22 June 2015

Stieg Larsson’s Millennium Trilogy: Films (2009)

The Extended Editions (2009)

The standard theatrical versions of the trilogy that were first released into the English and American markets were really good, but the eventual release of the extended Swedish language editions in a single box set (DVD or Blu-ray) made my day. It brought with it an additional 120 minutes of footage, two whole hours of extra story! That's 120 minutes in total, not 120 minutes each.

Each film was split into two parts lasting approximately 90 minutes each, enabling them to more easily fit into a TV schedule.

I'd have preferred the split be a simple fade-to-black intermission, but the separation isn't really that much of a problem and I admit that I made use of it each time to get a refill.


The Girl with the Dragon Tattoo (2009)
Dir. Niels Arden Oplev

Part one introduces the two key players, namely Lisbeth Salander (Noomi Rapace), a researcher/computer hacker, and Mikael Blomkvist (Michael Nyqvist), a journalist for a Swedish magazine that's unafraid to print the truth even when it proves unpopular.

The casting is perfect. Nyqvist is able to portray a man with a reservoir of resolve that isn't endless but is deeper than most. Rapace perfectly embodies a woman with a troubled past, even down to the way she walks. She goes the extra mile more than once to make Lisbeth feel frighteningly real.

Their attitude toward life is different but they share an investigative drive, and ensuring a perpetrator pays for his/her crimes, especially when the victims are unable to take action themselves, is a large part of it.

Viewers should know prior to watching that there's occasional scenes of sexual violence. They're essential to the story and to deepen characterisation, they're not included just for gratification or to be controversial for the sake of it, but they will be disturbing for some people.

The Girl who Played with Fire (2009)
Dir. Daniel Alfredson

Millennium journalist Mikael Blomkvist begins researching a story about Eastern European sex trafficking, which is the key to opening up a dangerous can of worms.

When the worms have secrets and guns, things quickly spiral out of control.

Lisbeth has her own troubles, but being Lisbeth means she soon finds more, bringing her into the same line of fire as Mikael. The pair travel in different circles, but the circumferences eventually intersect.

The majority of the story explores Lisbeth's past and in doing so goes some way to explaining her current situation and reluctance to trust even those she considers friends.

The measurable danger level is higher than before because the person under investigation wants desperately to stay in the shadows. As the truism states: desperate men do desperate things.

Unlike the previous film, Played with Fire doesn't have a proper ending. A number of events are left hanging, not resolved until the third and final film (see below).

The Girl who Kicked the Hornet's Nest (2009)
Dir. Daniel Alfredson

Part three is itself split into three distinct parts: the post-trauma of the previous film's ending; the pre-trial information gathering by Blomkvist and the Millennium employees; and finally a courtroom scene. There's a coda that wraps up a few loose ends, but those three aspects are the main draw.

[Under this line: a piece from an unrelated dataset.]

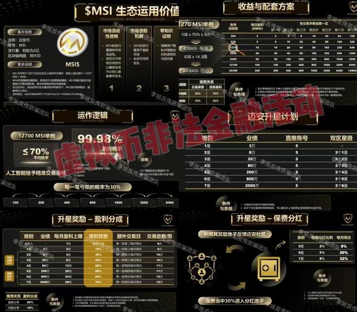 發(fā)行“MSI邁安幣”,用戶需投入資金購買“保障配套”,配套按投入金額分級,不同層級對應(yīng)不同日收益、交易手?jǐn)?shù)。設(shè)置“升星計劃”,根據(jù)累計業(yè)績、直推人數(shù)、團(tuán)隊內(nèi)下級“星級”等條件升級。星級越高分成也就越多。
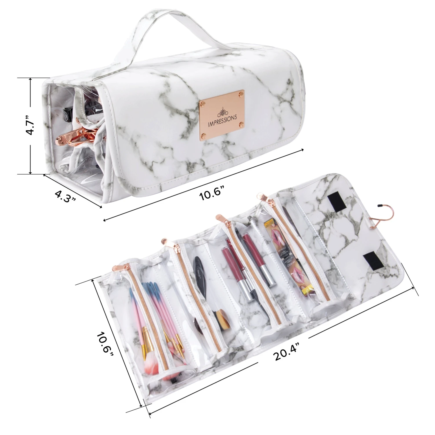 Roll up and razzle-dazzle with the beautiful marble printed Capri Hanging Cosmetic Bag. A portable makeup carry case that is also water resistant. This gorgeous yet multi-purpose bag is made with high-quality faux leather and accented with rose gold zippers and a rose gold hanger.

New characters are introduced, old men who had previously been comfortably anonymous.

The digging into their shared transgression forces them out of retirement, bringing with it consequences that test the character of everyone connected to the Salander case.

Even though all three films are just over 180 minutes in length, none of them feel like it. I've never once experienced the halfway-point wane or impatient stirrings that some other films give rise to. It's fair to say that Played with Fire and Hornet's Nest aren't as gripping as Dragon Tattoo, but that's only because part one is exceptional. If you remove from the equation the urge to make a comparison, then parts two and three are top-class films in their own right.